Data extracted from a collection
----
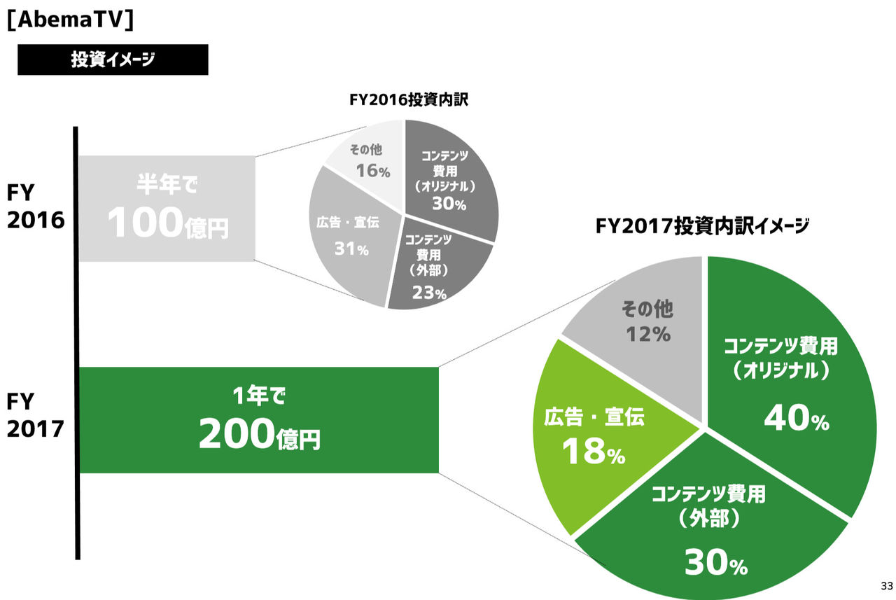 前期は半年で100億円を投じておりますが、今期は同様のペースで200億円を投じるようです。前期はリリースしたばかりだったこともあり、広告宣伝費の比率が高かったですが、今期はよりコンテンツ作りに投じるようです。
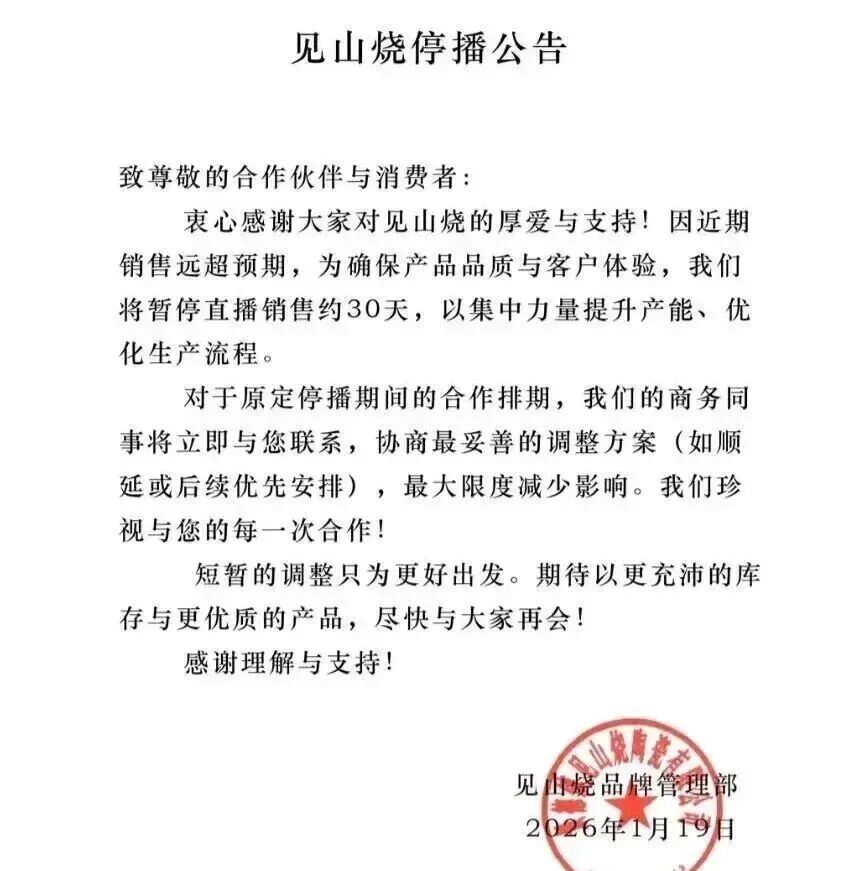 1月19日,李亚鹏带货的茶具品牌“见山烧”发布公告,表示因近期销售远超预期,为确保产品品质与客户体验,将暂停直播销售约30天,以集中力量提升产能、优化生产流程。
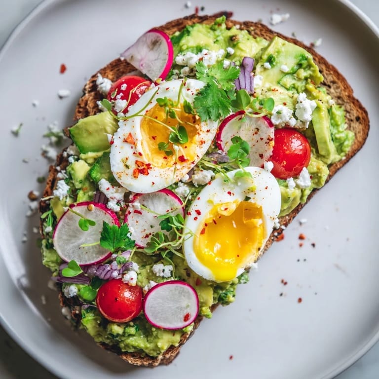 Every component serves a real purpose here instead of just sitting on the plate looking pretty. The creamy avocado and runny egg yolk create a natural sauce that coats everything, the fresh vegetables provide contrast and crunch, the feta adds a salty tang, and the toast holds it all together without falling apart. It's balanced in a way that keeps you satisfied without feeling heavy, which is why it works just as well for breakfast as it does for lunch when you're trying to eat something nourishing but still feel a little indulgent.
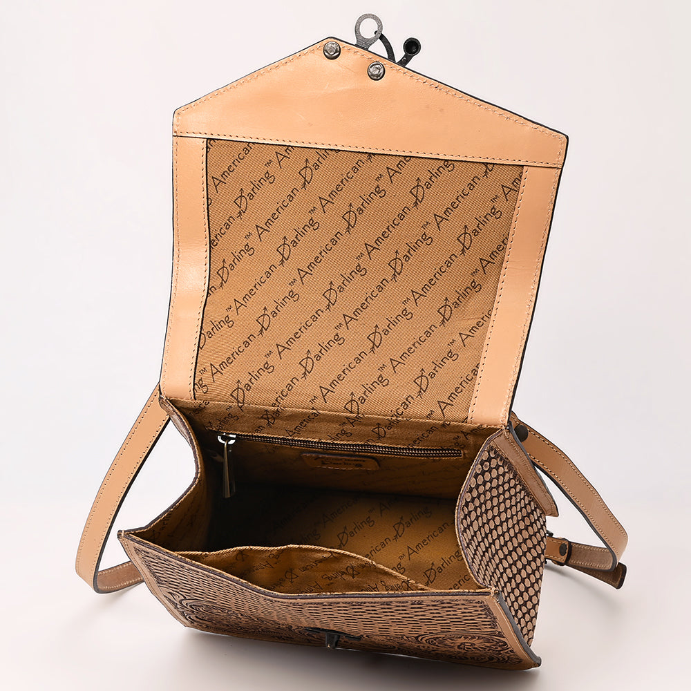 Make a bold statement with this structured, tooled leather handbag from American Darling. Crafted from premium vegetable-tanned leather and hand-tooled with an intricate floral and basketweave design, this satchel-style bag features a sturdy top handle and adjustable shoulder strap. Whether carried by hand or worn crossbody, this timeless Western piece blends elegance with practicality.
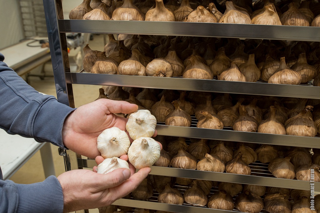 Pendant plus d’un an, Jérémy s'attèle à l’élaboration de la recette à travers un procédé de fermentation naturel. L’ail passe 3 semaines dans un four, avant de commencer une période de maturation à l’air libre. A l’issue du processus, l’ail est fondant, très doux en bouche !
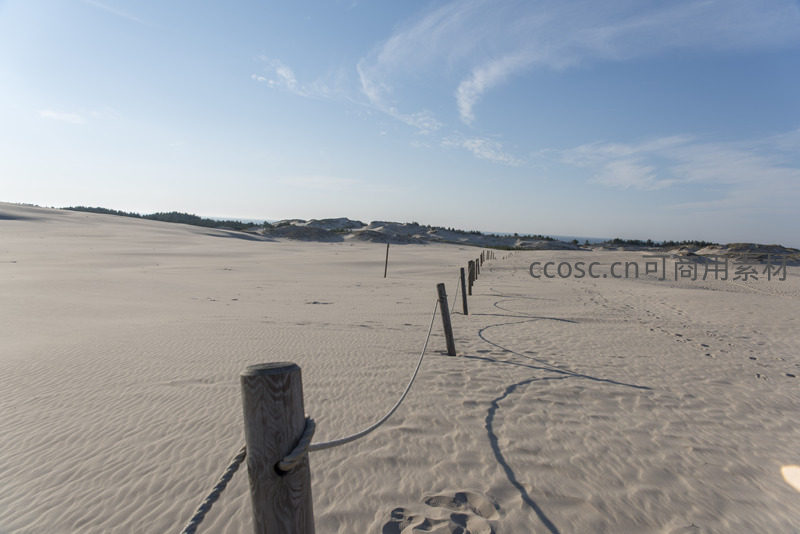木质围栏与绳索在沙地上划出清晰路径,脚印点缀其间,引领视线穿越广袤沙丘,直抵天际。
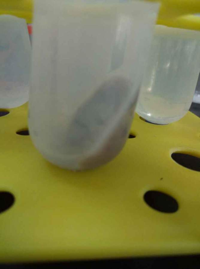 没看到微蓝的光,多次离心后是图中这样的,那个白色的应该就是纳米纤维素了吧,我应该怎么把它弄出来啊
----
→ Your instructions
Nothing but the lines from the first line of the records above to the line with "Make a bold", inclusive, should be transcribed exactly, and the pictures must be left out.

→ Answer section
 前期は半年で100億円を投じておりますが、今期は同様のペースで200億円を投じるようです。前期はリリースしたばかりだったこともあり、広告宣伝費の比率が高かったですが、今期はよりコンテンツ作りに投じるようです。
 1月19日,李亚鹏带货的茶具品牌“见山烧”发布公告,表示因近期销售远超预期,为确保产品品质与客户体验,将暂停直播销售约30天,以集中力量提升产能、优化生产流程。
 Every component serves a real purpose here instead of just sitting on the plate looking pretty. The creamy avocado and runny egg yolk create a natural sauce that coats everything, the fresh vegetables provide contrast and crunch, the feta adds a salty tang, and the toast holds it all together without falling apart. It's balanced in a way that keeps you satisfied without feeling heavy, which is why it works just as well for breakfast as it does for lunch when you're trying to eat something nourishing but still feel a little indulgent.
 Make a bold statement with this structured, tooled leather handbag from American Darling. Crafted from premium vegetable-tanned leather and hand-tooled with an intricate floral and basketweave design, this satchel-style bag features a sturdy top handle and adjustable shoulder strap. Whether carried by hand or worn crossbody, this timeless Western piece blends elegance with practicality.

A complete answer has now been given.